ASO screen for essential phage proteins

The programmable nature of ASOs allows larger screens for genes that are crucial for phage propagation. Of the annotated 377 ΦKZ genes, 85% have no predicted function22,40. This paucity of functional knowledge extends to the smaller core genome of Chimalliviridae, which consists of seven blocks of genes with probably interlinked functions, plus five independent genes38. To discover additional essential genes for ΦKZ propagation, we screened 75 core and annotated genes (omitting most of the structural genes) using ASOs and CFU and PFU readout in P. aeruginosa PAO1.

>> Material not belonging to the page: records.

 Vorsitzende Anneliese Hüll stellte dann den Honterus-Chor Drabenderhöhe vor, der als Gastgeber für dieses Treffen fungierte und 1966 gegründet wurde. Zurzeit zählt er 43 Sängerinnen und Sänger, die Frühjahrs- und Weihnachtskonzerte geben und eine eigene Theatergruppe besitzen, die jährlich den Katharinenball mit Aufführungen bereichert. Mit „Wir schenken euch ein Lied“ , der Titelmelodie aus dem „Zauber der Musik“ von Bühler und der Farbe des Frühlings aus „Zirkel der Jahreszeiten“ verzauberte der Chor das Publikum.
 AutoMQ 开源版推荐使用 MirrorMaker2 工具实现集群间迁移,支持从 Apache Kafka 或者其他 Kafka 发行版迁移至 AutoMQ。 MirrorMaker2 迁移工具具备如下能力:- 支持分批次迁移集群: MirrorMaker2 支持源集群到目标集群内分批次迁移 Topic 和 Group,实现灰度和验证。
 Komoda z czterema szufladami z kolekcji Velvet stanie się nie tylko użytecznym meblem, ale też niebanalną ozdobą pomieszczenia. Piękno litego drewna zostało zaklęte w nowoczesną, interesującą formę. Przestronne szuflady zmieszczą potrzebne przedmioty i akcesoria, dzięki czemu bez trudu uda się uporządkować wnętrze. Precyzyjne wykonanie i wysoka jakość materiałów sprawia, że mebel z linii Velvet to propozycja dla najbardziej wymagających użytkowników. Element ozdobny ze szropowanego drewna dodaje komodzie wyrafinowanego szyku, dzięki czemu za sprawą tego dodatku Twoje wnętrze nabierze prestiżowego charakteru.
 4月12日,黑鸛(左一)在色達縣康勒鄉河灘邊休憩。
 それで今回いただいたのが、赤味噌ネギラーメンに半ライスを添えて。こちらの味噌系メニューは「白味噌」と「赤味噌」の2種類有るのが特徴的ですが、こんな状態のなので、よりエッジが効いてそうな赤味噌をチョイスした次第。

Overall, ASO-mediated knockdown of one-third of these genes (24) led to a strong effect (++ or +++) on phage plaque efficiency with multiple logs of PFU reduction and CFU recovery (Table 1, Extended Data Fig. 5a and Supplementary Data 2). As expected, several mRNAs of known essential phage factors, such as chmA (ΦKZ054), nvRNAP subunits (ΦKZ055 and -068) and the major head protein (ΦKZ120), produced strong effects (Extended Data Fig. 5b). Similarly, ASOs against the mRNA of the phage nucleus import protein PicA (ΦKZ069)18,19 abrogated plaque formation. Moreover, several uncharacterized genes produced strong plague formation phenotypes upon ASO targeting—for example, the ΦKZ049 gene, which encodes a SH3 domain protein interactor of the phage DNA polymerase41 (Extended Data Fig. 5b). Of note, transcript abundance and protein levels of these hits varied substantially, indicating that targeting of highly expressed genes with ASOs is possible (Supplementary Table 1).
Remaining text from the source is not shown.